## Exercise goal
The pictures stay out; all of the data is to be printed exactly.

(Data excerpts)
━━━━━━━━━━━━━━━━

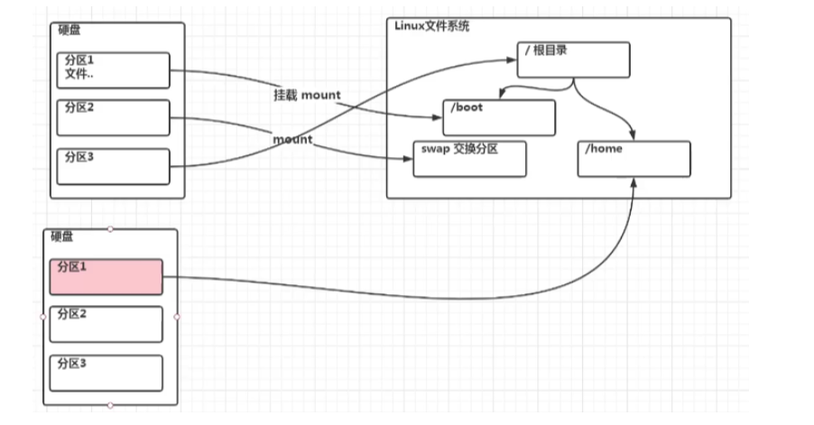 - 挂载点就是对应的目录
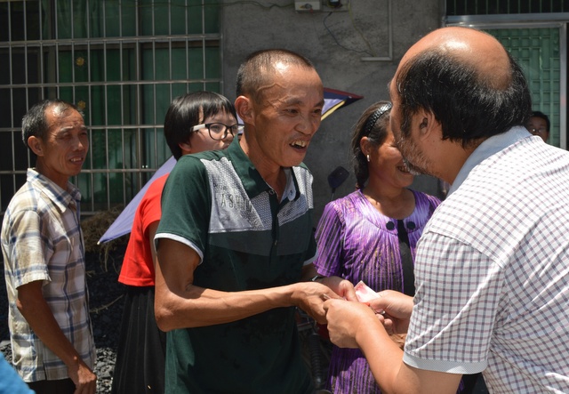 罗校长将3000元文军奖学金交到陆庭的父亲手中
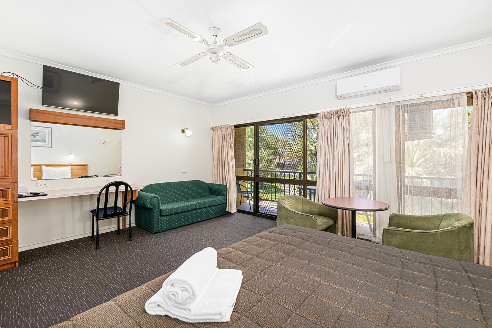 Spacious room with spa bath, 42-inch LCD TV, and a balcony overlooking parkland. Free WiFi is available.
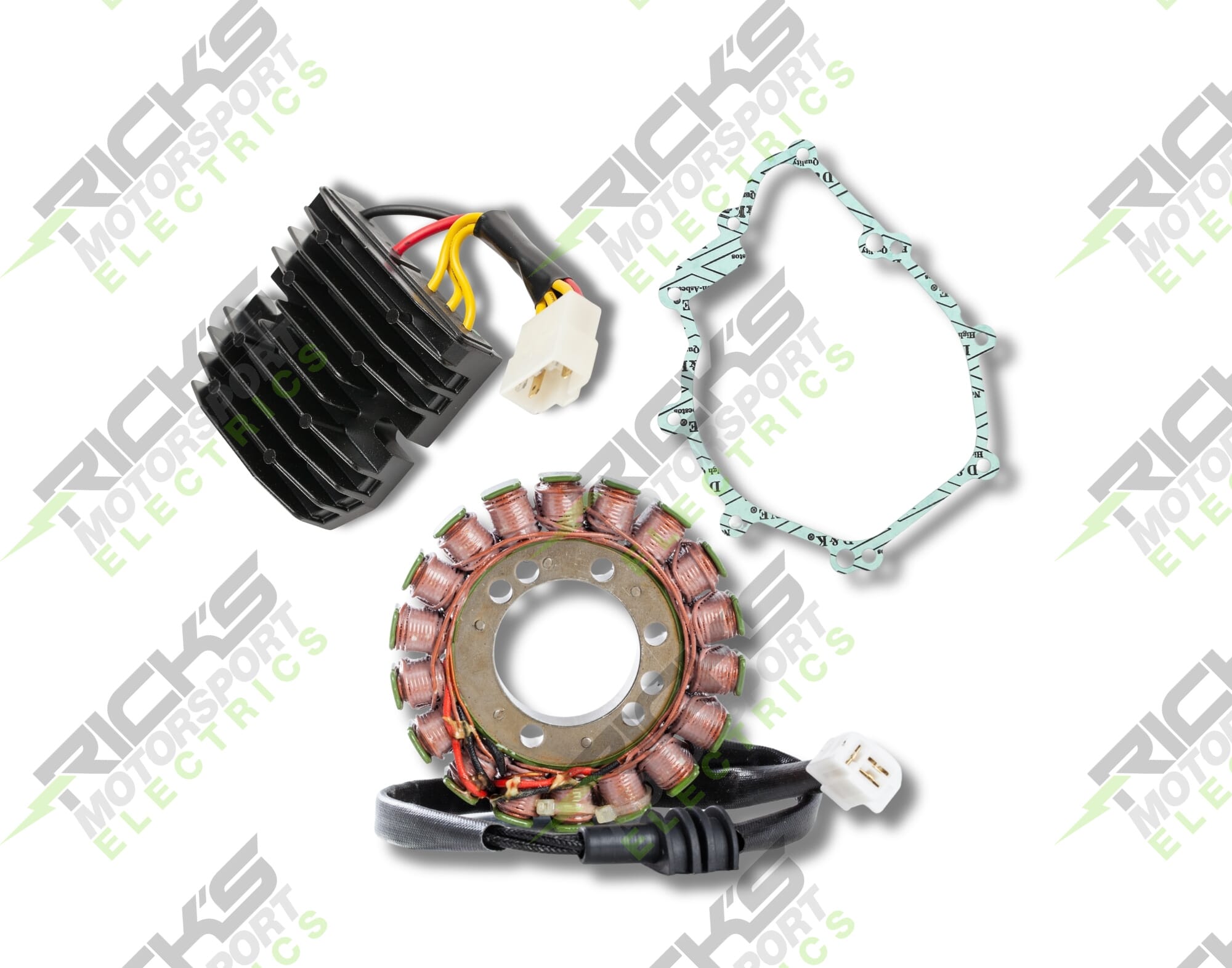 New OEM Style Rick's Easy Kit: This complete charging kit is designed to make the repair job as easy as possible. Kit includes a new stator, new 50 amp MOSFET rec/reg & new stator cover gasket. Our aftermarket parts will replace OEM #s 5EB-81410-00-00 (stator) ; 4JH-81960-01-00 (rec/reg); 5EB-15451-00-00 (gasket).
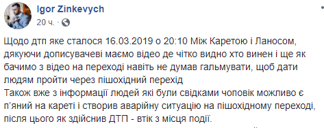 "Щодо дтп яке сталося 16.03.2019 о 20:10 Між Каретою і Ланосом, дякуючи дописувачеві маємо відео де чітко видно, хто винен і ще як бачимо з відео на переході навіть не думав гальмувати, щоб дати людям пройти через пішохідний перехід", - написав він.
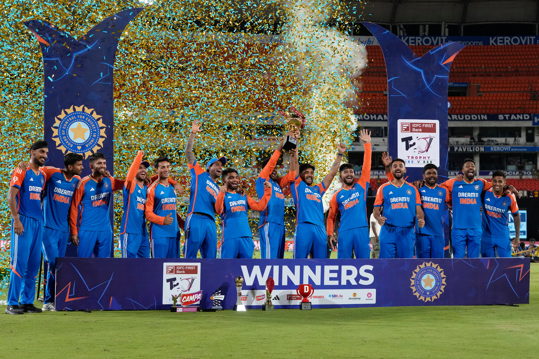 Indian players celebrate with the trophy after winning the T20 cricket series against Bangladesh in Hyderabad, India, Saturday, Oct. 12, 2024. (AP Photo/Mahesh Kumar A.)
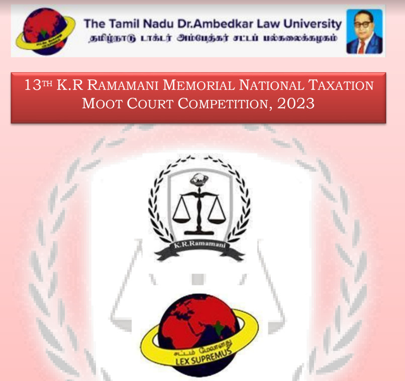 13th K R Ramamani Memorial National Taxation Moot Court Competition, 2023 & 13th V S Sundaram Research Paper Competition, 2023 are being organised by School of Excellence in Law, TNDALU.
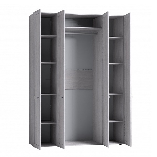 Большой и вместительный шкаф для одежды и белья отлично подойдет для многочисленной семьи. Внутри шкафа стационарная штанга (777 мм), которая выдержит нагрузку в 40 кг, а также полки, регулируемые по высоте. Рамочные фасады, обрамленные сложным профилем МДФ, создают атмосферу роскоши и изящества. Для надежности шкаф обязательно крепится к стене на подвесы. Регулируемые опоры позволят компенсировать незначительные неровности пола. Чтобы мебель идеально вписалась в габариты комнаты, измените ширину шкафа в пределах 150 мм с шагом в 1 мм, используя услугу Ширина ВРАЗМЕР.
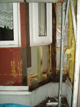 次に元の外装材を剥がすと 壁の内部が見えてきて 柱と土台が腐っていました。
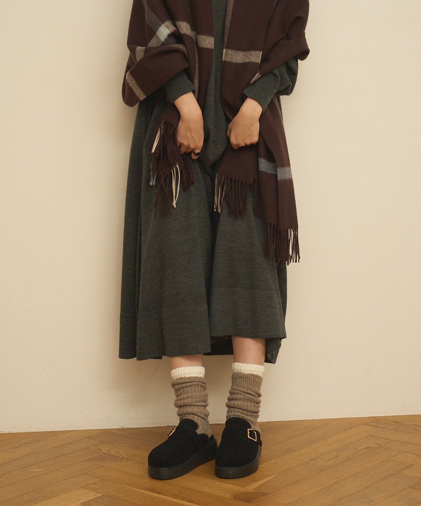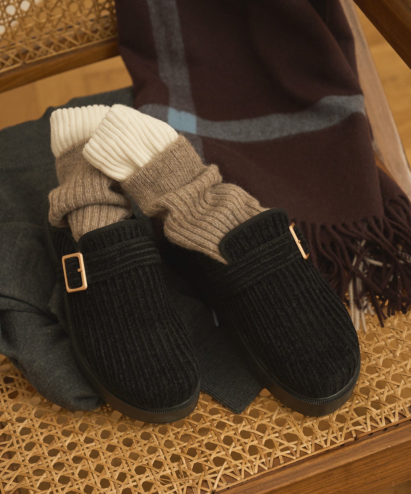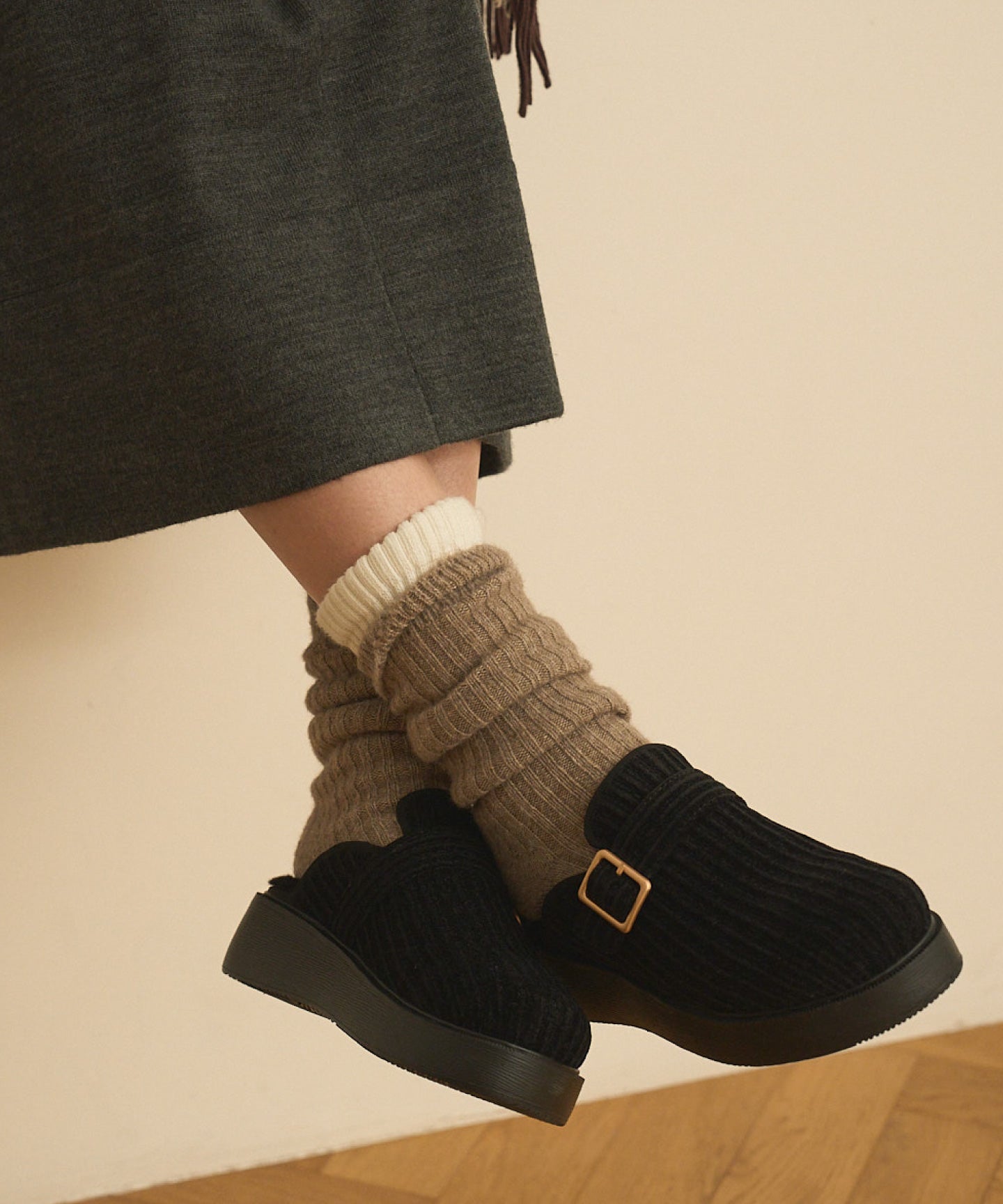 毛羽立ちのあるシェニール糸で編み立てており、あたたか味のある厚底クロッグシューズ。中敷きもファー素材になっているので、ふんわり、やさしい足あたりです。

━━━━━━━━━━━━━━━━

## Output for this task
 - 挂载点就是对应的目录
 罗校长将3000元文军奖学金交到陆庭的父亲手中
 Spacious room with spa bath, 42-inch LCD TV, and a balcony overlooking parkland. Free WiFi is available.
 New OEM Style Rick's Easy Kit: This complete charging kit is designed to make the repair job as easy as possible. Kit includes a new stator, new 50 amp MOSFET rec/reg & new stator cover gasket. Our aftermarket parts will replace OEM #s 5EB-81410-00-00 (stator) ; 4JH-81960-01-00 (rec/reg); 5EB-15451-00-00 (gasket).
 "Щодо дтп яке сталося 16.03.2019 о 20:10 Між Каретою і Ланосом, дякуючи дописувачеві маємо відео де чітко видно, хто винен і ще як бачимо з відео на переході навіть не думав гальмувати, щоб дати людям пройти через пішохідний перехід", - написав він.
 Indian players celebrate with the trophy after winning the T20 cricket series against Bangladesh in Hyderabad, India, Saturday, Oct. 12, 2024. (AP Photo/Mahesh Kumar A.)
 13th K R Ramamani Memorial National Taxation Moot Court Competition, 2023 & 13th V S Sundaram Research Paper Competition, 2023 are being organised by School of Excellence in Law, TNDALU.
 Большой и вместительный шкаф для одежды и белья отлично подойдет для многочисленной семьи. Внутри шкафа стационарная штанга (777 мм), которая выдержит нагрузку в 40 кг, а также полки, регулируемые по высоте. Рамочные фасады, обрамленные сложным профилем МДФ, создают атмосферу роскоши и изящества. Для надежности шкаф обязательно крепится к стене на подвесы. Регулируемые опоры позволят компенсировать незначительные неровности пола. Чтобы мебель идеально вписалась в габариты комнаты, измените ширину шкафа в пределах 150 мм с шагом в 1 мм, используя услугу Ширина ВРАЗМЕР.
 次に元の外装材を剥がすと 壁の内部が見えてきて 柱と土台が腐っていました。
 毛羽立ちのあるシェニール糸で編み立てており、あたたか味のある厚底クロッグシューズ。中敷きもファー素材になっているので、ふんわり、やさしい足あたりです。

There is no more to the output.